Authors: John Lescroart
Cary lifted his head and shook it. “No. I was just reacting to what you said. I have no idea in the world who it could have been.” He sighed, scratched at Ranger’s head. “I’m so tired of saying that, but it’s true. You had to know Elizabeth. She had no enemies. Really. I mean, nobody’s perfect, but she was a cheerful, sweet . . .” He stopped, blinked a couple of times, finally completed the thought: “A cheerful, sweet woman.”
“We keep hearing that from all reports, sir. And Inspector Belou tells me that the two of you were getting along as well. No conflicts.” He didn’t phrase it as a question.
Cary shrugged, then sighed. There wasn’t a trace of defensiveness about him. “We were a team,” he said. “That’s how we always talked about one another. I don’t know what else I can say. We may have had an argument in the past year or so, but if we did, I don’t even remember what it was about. We were a team,” he repeated. “We just lived a normal life.”
Glitsky’s original conception of this interview had been that he would start out slow and gradually grill the husband hard on his movements on the night of the murder, and maybe find a hole in the story he’d given to Inspectors Belou and Russell.
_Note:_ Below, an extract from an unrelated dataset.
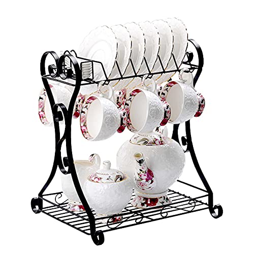 15 Pieces Porcelain Tea Set Ceramic Coffee Cup and Saucer Sets, with Milk Jug and Sugar Bowl Wedding Tea Service for Adults,A (A)

But now, in the small room, seeing the man in such obvious, all-inclusive pain, he found himself unable to get warm to the idea that Cary was a killer. “I know the inspectors have gone over this with you, sir, but in the past few days, I wonder if something else might have occurred to you—some disagreement your wife might have had with, I don’t know, a neighbor, one of your relatives, somebody from your children’s school. Maybe even something from a long time ago that you didn’t remember in the first days of shock and grief? That you originally didn’t see as having any possible connection.”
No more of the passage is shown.